How to detect stack order?

Question

We take the sequence of integers from $1$ to $n$, and we push them onto a stack one by one in order. Between each push, we can choose to pop any number of items from the stack (from 0 to the current stack size).

Every time we pop a value from the stack, we will print it out.

For example, $1,2,3$ is printed out when we do push, pop, push, pop, push, pop. $3,2,1$ comes from push, push, push, pop, pop, pop.

However, $3,1,2$ is not a possible printout, because it is not possible to have $3$ printed followed by $1$, without seeing $2$ in between.

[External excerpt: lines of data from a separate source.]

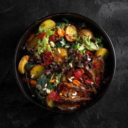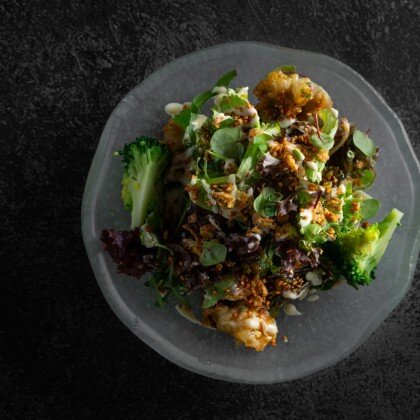Салат с хрустящим цыпленком, брокколи, имбирный соус майо
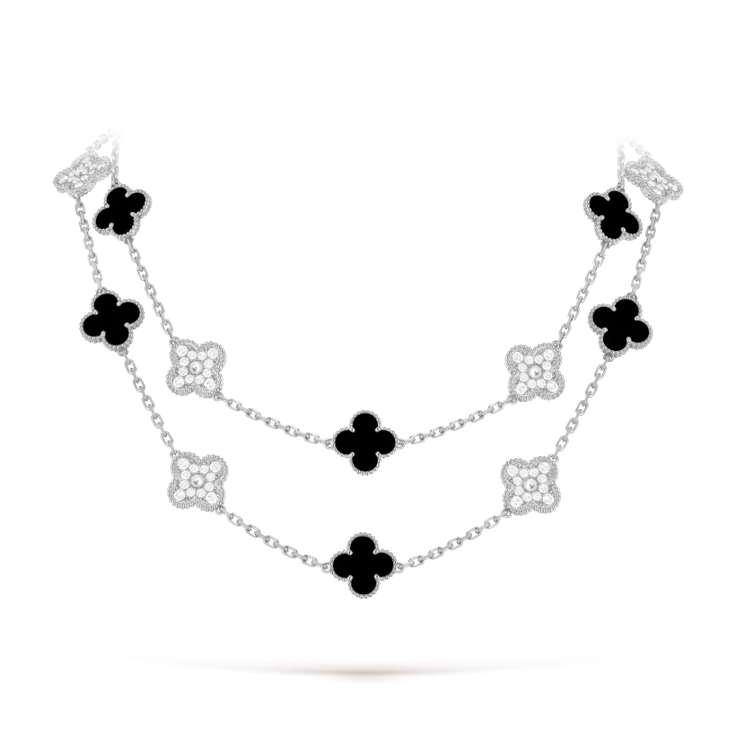 Wear it as a long strand for an elongated effect or double it for a layered look. Pairs beautifully with matching Alhambra earrings or bracelets.
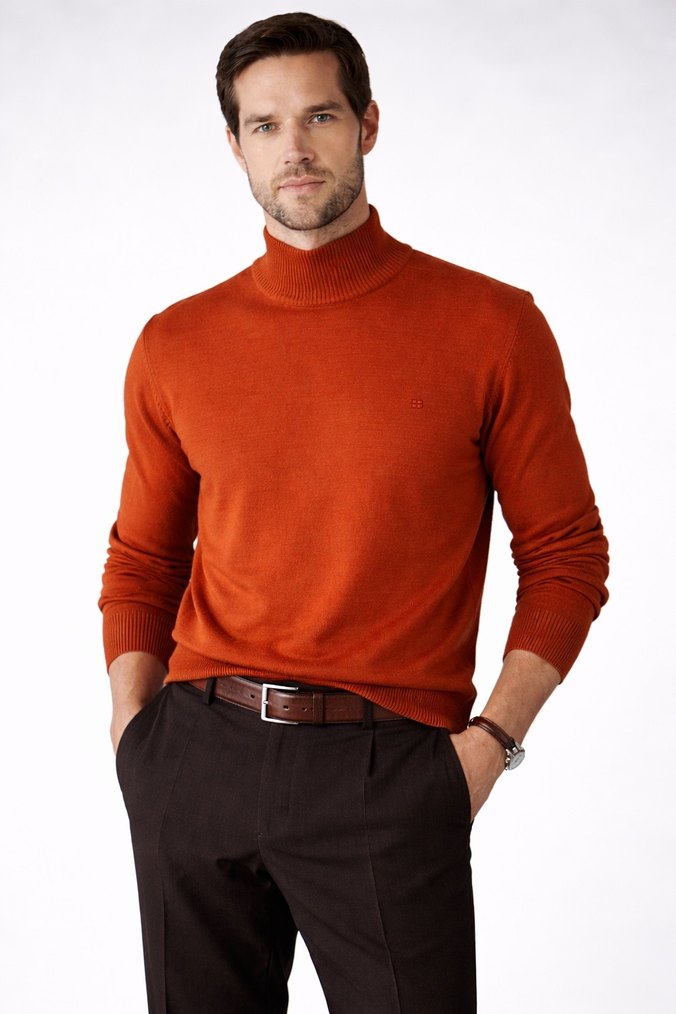 Avva Erkek Kiremit yarım Balıkçı Yaka Triko kazak
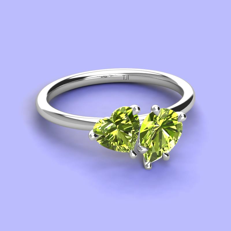 There's something so romantic, and oh-so-enchanting about this duo two stone engagement ring. This spectacular design features Heart & Pear shape Peridot that sets at slight angles towards each other.
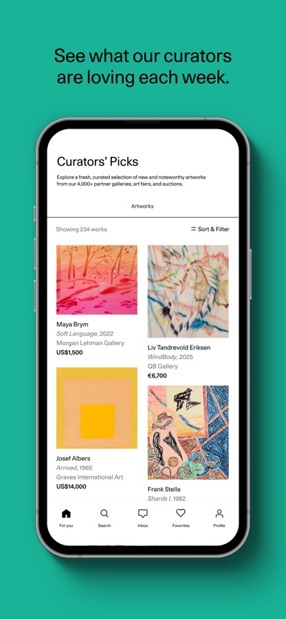 • Follow artists and save works to build a personalized art experience that evolves as your taste does.
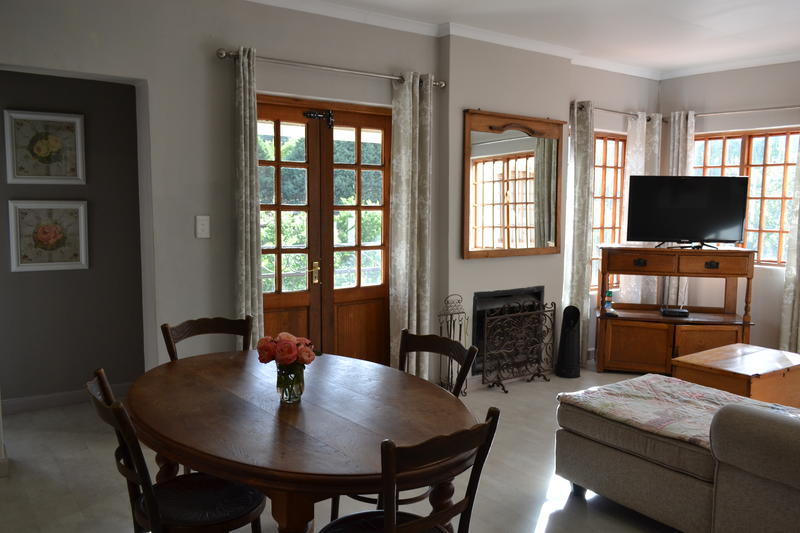 La unidad incluye una chimenea, un gran televisor inteligente con DStv Premium, Wi-Fi, una caja fuerte, baño privado con ducha, una cocina totalmente equipada con nevera, placa de gas, horno microondas de convección, tetera y cafetería, Nespresso, comedor y/o espacio de trabajo. Hermosas vistas a la montaña te esperan en tu propio patio privado, jardín y patio.
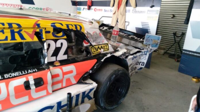 El auto Bonelli quedó muy roto después del toque.

Question: How can we detect impossible orders like $3,1,2$?

In fact, based on my observation, I have come out a potential solution. But the problem is I can't prove my observation is complete.

The program that I wrote with the following logic:

When the current value minus the next value is larger than 1, a value between current and next cannot appear after next. For example, if current=3 and next=1, then the value between current (3) and next (1) is 2 which cannot appear after next(1), hence $3,1,2$ violates the rule.

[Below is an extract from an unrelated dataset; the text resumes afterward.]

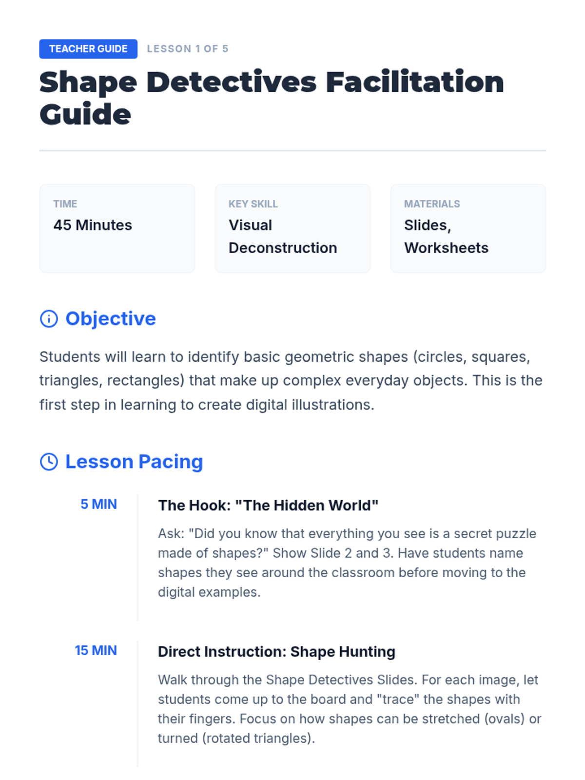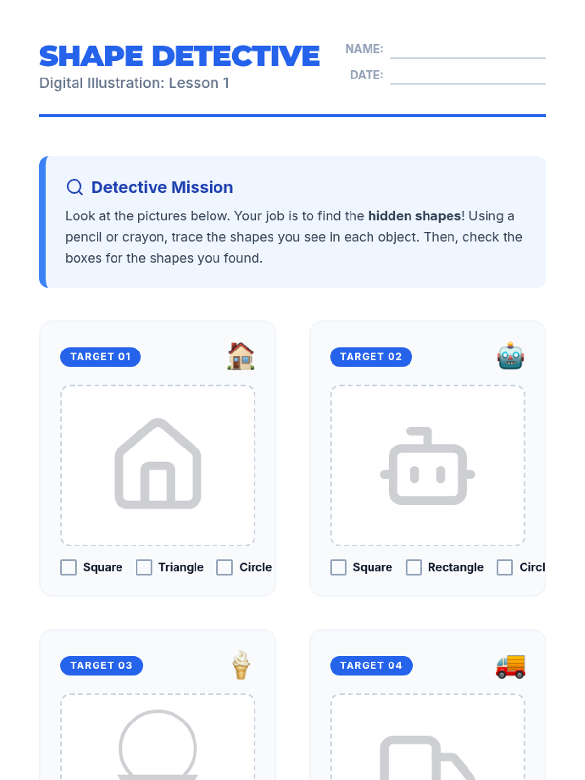 This sequence introduces 2nd grade students to the fundamentals of digital illustration by focusing on geometric shapes, digital tool manipulation, and the concept of layering. Students move from identifying shapes in the world to creating complex digital characters and scenes.
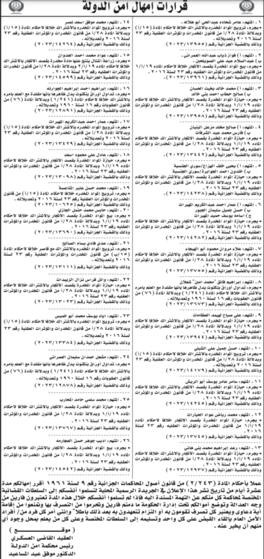وأمر القاضي المساعيد كل فرد من أفراد الأمن العام بإلقاء القبض على كل واحد وتسليمه إلى السلطات المختصة، وعلى كل من يعلم بمحل وجود أي منهم أن يخبر عنه".

Does this cover all cases?

Answer 1

I couldn't understand your approach exactly (Seems it's correct), but there is a simple rule for impossible orders: The order is impossible $iff$ there is $a_i,a_j,a_k$ such that $a_i > a_k > a_j$ and $i<j<k$. To such a $a_i,a_j,a_k$ we say bad triple.

Why? First you should prove that if there is bad triple then the sequence is impossible, but this is simple and I'll leave it as exercise (middle number couldn't pop sooner than bigger except smaller poped before all of them).

Second you should prove all impossible orders have at least one bad triple, Assume you have a sequence without any bad triple, you could find the order of push and pop so it's not impossible sequence. For reconstructing the push and pop orders just use naive approach (operation is pop while you iterating over consecutive numbers), but for formal proof (for simplicity) you could use induction, assume for all sequences of length $m$ if there isn't bad triple they aren't impossible. For sequence of length $n$, you can set operations as pop (start from end of sequence), while encountering with increasing consecutive numbers, now you have a sequence of length $m$, with $m < n$, without bad triple, so you can reconstruct push and pop for this sequence, so original one wasn't impossible. start of induction is sequence of length 3.